Self-hosted software usually dies at the onboarding step. Forcing a user to open a terminal, run OpenSSL to generate a 32-byte cryptographic secret, and paste it into a .env file guarantees a 90% abandonment rate.
YAOS implements a consumer-grade, zero-terminal claim flow, while gracefully handling the realities of infrastructure paywalls.
The first version of YAOS was built on PartyKit. PartyKit provided an incredible early abstraction - it wrapped Cloudflare's complex Durable Objects behind a simple "Room" API and made real-time multiplayer trivially easy to bootstrap.
However, the deployment worked exclusively through their proprietary CLI. The problem is that users must login through partykit-cli to deploy, meaning we couldn't utilize Cloudflare's "One-Click Deployment" button. This violated our core onboarding goal: Zero-terminal, consumer-grade self-hosting.
To unlock the deploy button, we stripped out the PartyKit framework and ported the entire transport layer to native Cloudflare Workers using y-partyserver, handle WebSocket transport and Durable Object coordination. We define the entire infrastructure (Workers, Durable Objects, and Storage) in a standard wrangler.toml file, eliminating the CLI entirely and allowing users to deploy straight from their browser.
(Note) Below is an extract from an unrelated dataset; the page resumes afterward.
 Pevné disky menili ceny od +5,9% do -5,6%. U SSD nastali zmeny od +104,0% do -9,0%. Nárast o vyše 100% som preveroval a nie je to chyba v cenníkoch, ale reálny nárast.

When deployed, the YAOS server boots into an "Unclaimed" state.
- The user visits the Worker URL in their browser and is greeted by a lightweight, dependency-free HTML setup page.
- The browser utilizes crypto.getRandomValues() to generate a high-entropy token locally.
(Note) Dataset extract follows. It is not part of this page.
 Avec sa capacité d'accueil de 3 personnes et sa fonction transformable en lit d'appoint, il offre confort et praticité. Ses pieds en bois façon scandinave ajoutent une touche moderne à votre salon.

- The user clicks "Claim". The token is sent to the server.
- The server hashes the token (SHA-256) and stores only the hash inside a singleton Config Durable Object via an ACID transaction.
- The setup route permanently locks itself.
For subsequent authentication, the plugin uses Authorization: Bearer <token> for HTTP endpoints.
For WebSocket sync transport, YAOS currently includes the token as a query parameter for compatibility across browser/WebView socket APIs. This is an explicit, documented compromise for v1 and should be replaced by an explicit post-connect auth handshake in a future revision.
- HTTP routes (
/vault/*, setup helpers, snapshot APIs) authenticate withAuthorization: Bearer <token>. - WebSocket sync (
/vault/sync/:room) currently accepts a query token for compatibility with constrained mobile/webview environments. - All traffic is expected over HTTPS/WSS in normal deployment.
This compromise is acceptable for YAOS v1's current self-hosted model when:
- TLS is enabled end-to-end (HTTPS/WSS).
- Server/operator logs are private and access-controlled.
- The shared token is treated as a secret and rotated when exposed.
It is still not ideal because URL parameters can appear in application/server logs, browser debugging surfaces, and proxy instrumentation. For that reason, query-token auth should be treated as transitional rather than final architecture.
- Move WebSocket auth to an explicit post-connect handshake frame.
- Prefer short-lived session credentials derived from the long-lived setup token.
- Ensure auth material is redacted from traces and diagnostics by default.
- Add an operator option to disable query-token WebSocket auth once clients support handshake auth.
For the broader list of accepted compromises and tracked debt, see
engineering/warts-and-limits.md.
To completely eliminate the copy-paste step, the setup page generates a custom deep-link: obsidian://yaos?action=setup&host=...&token=....
When clicked, the OS routes this directly to the Obsidian plugin, which intercepts the URI, configures its internal settings, and immediately boots the sync engine.
Because YAOS utilizes native wrangler.toml bindings, Cloudflare can automatically provision Durable Objects and R2 buckets upon deployment.
However, we made the intentional product decision not to force the R2 bucket binding in the default deployment template. Cloudflare enforces a strict requirement: users must have a primary payment method (credit card) on file to provision an R2 bucket. If YAOS required this binding by default, the "Deploy to Cloudflare" button would hit a billing wall, and users without a configured payment profile would abandon the setup.
We solved this via Capability Negotiation:
- The default YAOS deployment provisions only the text-sync CRDT engine (Worker + Durable Object). It requires no credit card.
- When the Obsidian plugin connects, it performs a capability probe (
GET /api/capabilities). - If the server lacks the
YAOS_BUCKETbinding, it returns{ attachments: false, snapshots: false }. - The plugin reads this and gracefully disables the attachment and snapshot UI. It continues to sync markdown text flawlessly.
Power users who want attachment sync can easily add the R2 binding later via the Cloudflare dashboard one-step (Just add an R2 binding to the Worker). The server will dynamically detect the new binding, update its capabilities, and the plugin will unlock the UI without a single line of code changing.